Samples were analysed on a Thermo Scientific Easy nLC-1000 coupled online to a Bruker Daltonics Impact II UHR QTOF. Briefly, peptides were loaded onto a 20 cm x 75 µm I.D. analytical column packed with 1.8 µm C18 material (Dr. Maisch GmbH, Germany) in 100% buffer A (99.9% H2O, 0.1% formic acid) at 800 bar followed by a linear gradient elution in buffer B (99.9% acetonitrile, 0.1% formic acid) to a final 30% buffer B for a total 180 min including washing with 95% buffer B. Eluted peptides were ionised by ESI and peptide ions were subjected to tandem MS analysis using a data-dependent acquisition method. A top17 method was employed, where the top 17 most intense multiply charged precursor ions were isolated for MS/MS using collision-induced-dissociation, and actively excluded for 30 s.

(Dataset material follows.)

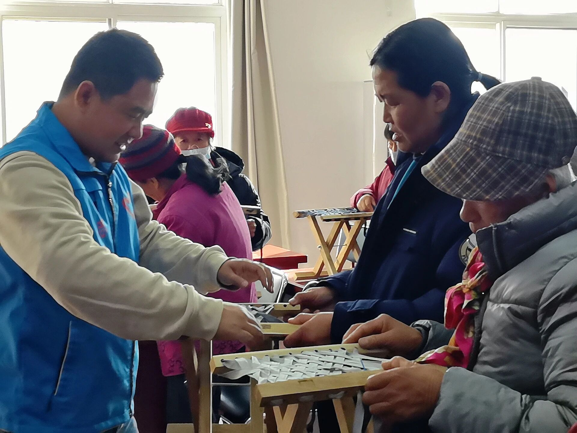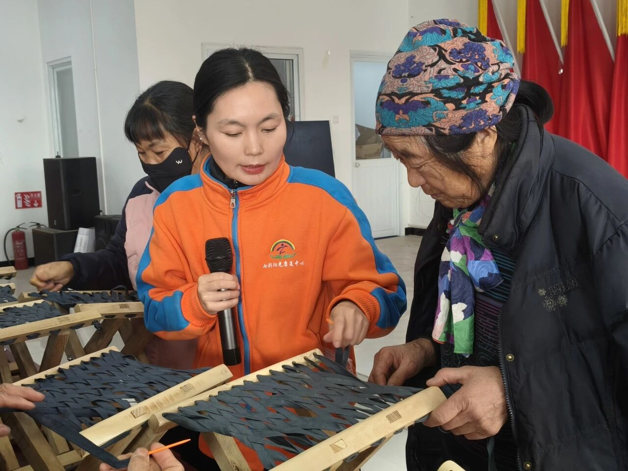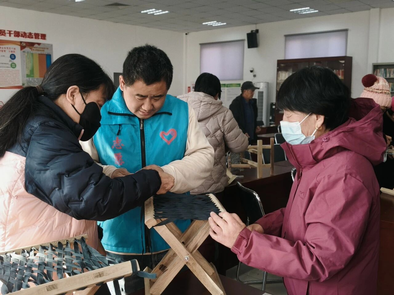 工作人员演示马扎编织的穿绳、固定技巧。村民们一边认真学习编织手法,一边交流心得,他们手持木质支架与编织绳,跟着步骤穿梭缠绕,原本零散的材料逐渐成型为结实的马扎凳,现场欢声笑语不断。
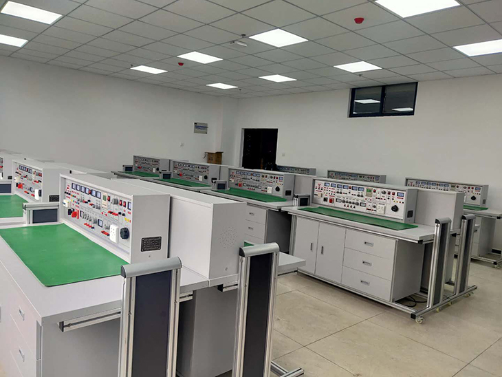3、示教控制臺:1臺示教控制臺,分別控制12臺學(xué)生臺的電源,通用電路板演示屏立在實(shí)驗臺上,尺寸150×70cm,用于講解、演示。

MGF files were extracted and searched using Mascot against the UniProt Homo sapiens database, with semi-ArgC specificity, TMT6plex quantification, variable oxidation of methionine, variable acetylation of N termini, 20 ppm MS1 error tolerance, 0.05 Da MS2 error tolerance and two missed cleavages. Mascot. dat files were imported into Scaffold Q+S v4.4.3 for peptide identification processing to a final FDR of 1%. Quantitative values were calculated through Scaffold and used for subsequent analyses.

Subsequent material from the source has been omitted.